» Work instruction: The records are set out below this line. Return exactly the lines from the one containing "Pojazd na baterie" through the last, and exclude the pictures.

[Dataset entries]
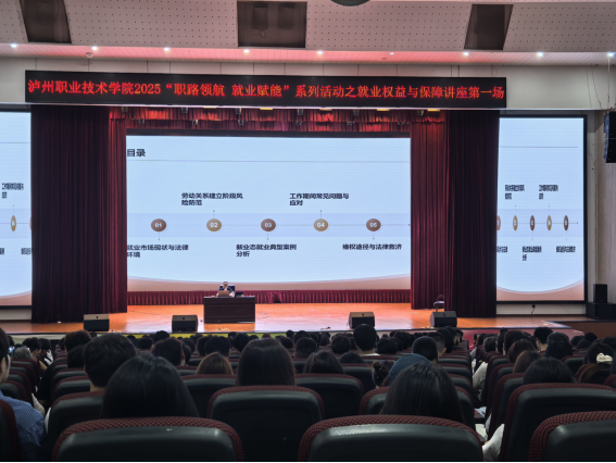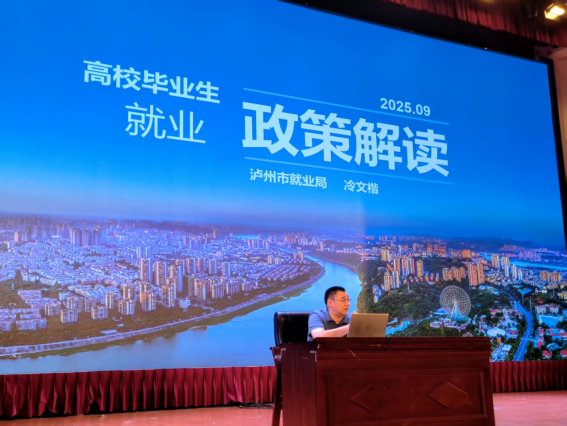 为切实破解毕业生就业政策困惑、强化权益保障意识,助力2026届毕业生顺利实现高质量就业,2025年9-12月,学校联合泸州市人力资源和社会保障局等单位,精心策划开展“职路领航・就业赋能”系列就业服务活动,累计举办大学生就业政策解读、就业权益与保障专题讲座5场,覆盖全校4000余名毕业生,构建起校地协同、精准高效的就业服务新格局。
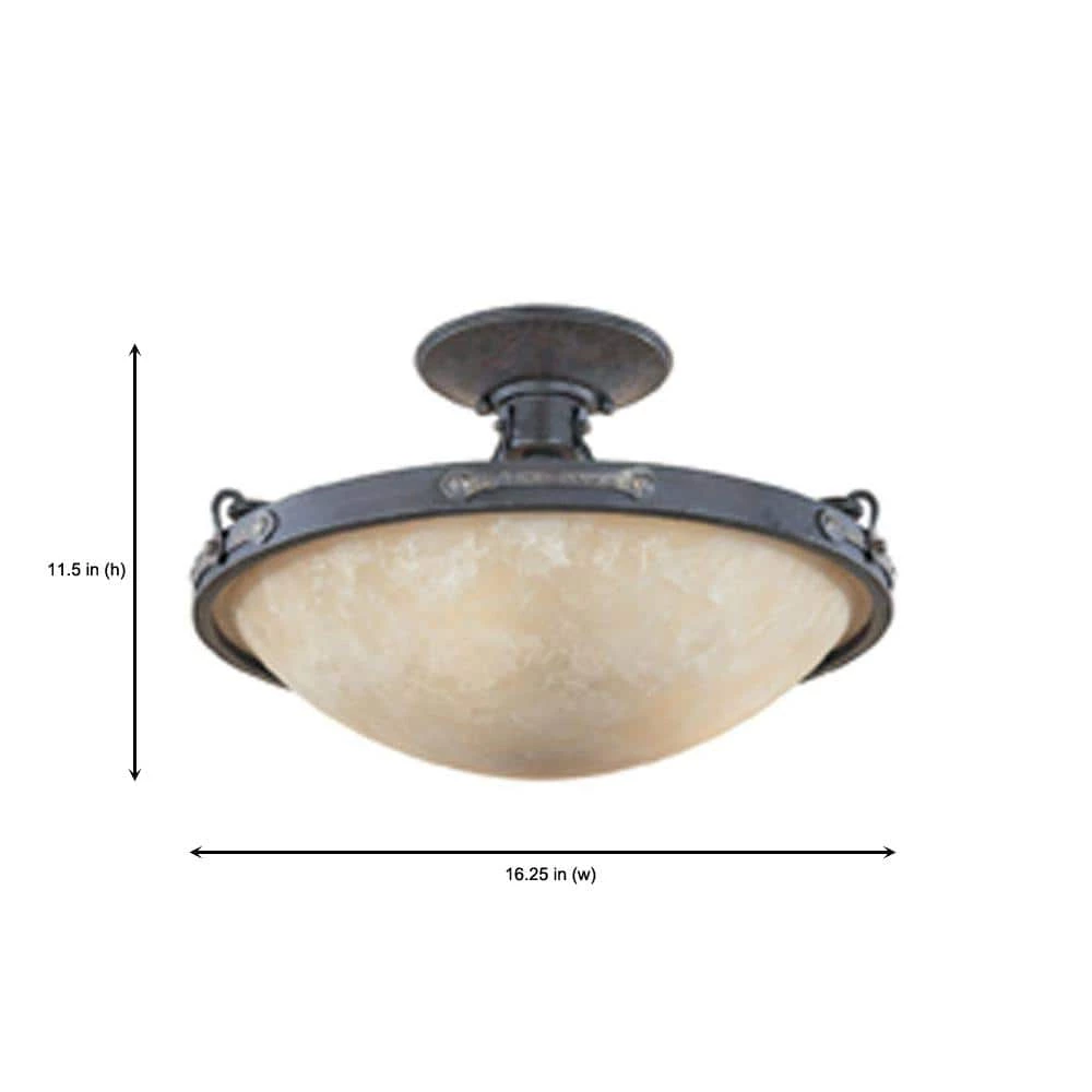 El Paso ceiling lights are specially designed with a unique style to complement the interior of any home. This collection features a weathered saddle finish and hand forged ironwork detailing that gives a rustic, Spanish look to the fixture. The satin crepe glass shade adds elegance and a warm, welcoming diffuse to the light. The durable steel construction ensures that this ceiling light will continue to perform well and look great for years to come. These ceiling lights install easily and use traditional incandescent bulbs.
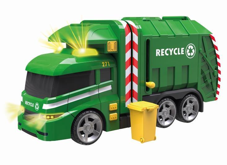 Pojazd na baterie - wymagane 3 x 1,5V AAA/LR03, dołączone. Świeci kolorowo Wydaje dźwięki Podnoszona i otwierana naczepa. Wiek 3+
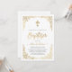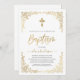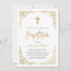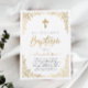 Modern, elegant botanical gold Baptism invitation. Design features elegant gold botanical frame, gold cross, handwritten script ''Baptism'' and celebration details in trendy capital black lettering.
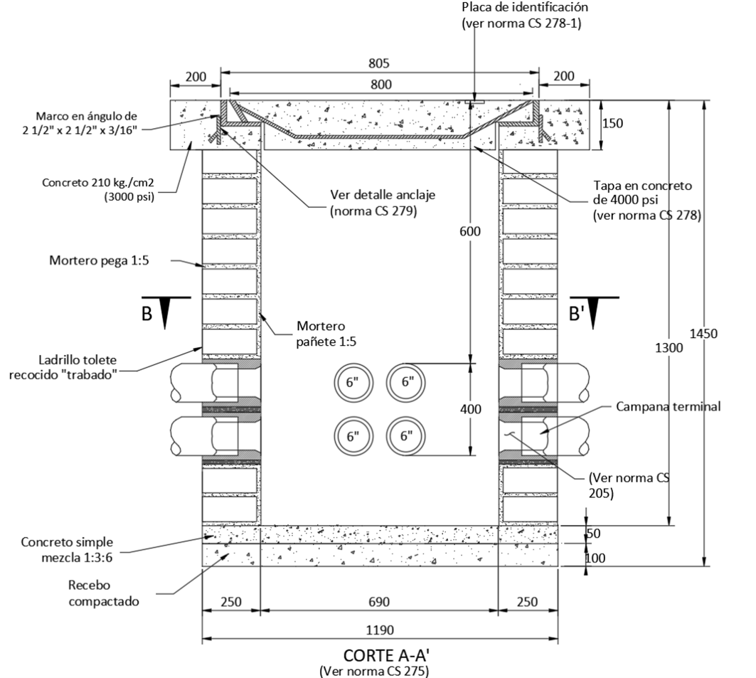 CS275-1 Caja de inspección sencilla para canalización de M.T. y B.T. Corte A – A` y marco

» Expected answer:
 Pojazd na baterie - wymagane 3 x 1,5V AAA/LR03, dołączone. Świeci kolorowo Wydaje dźwięki Podnoszona i otwierana naczepa. Wiek 3+
 Modern, elegant botanical gold Baptism invitation. Design features elegant gold botanical frame, gold cross, handwritten script ''Baptism'' and celebration details in trendy capital black lettering.
 CS275-1 Caja de inspección sencilla para canalización de M.T. y B.T. Corte A – A` y marco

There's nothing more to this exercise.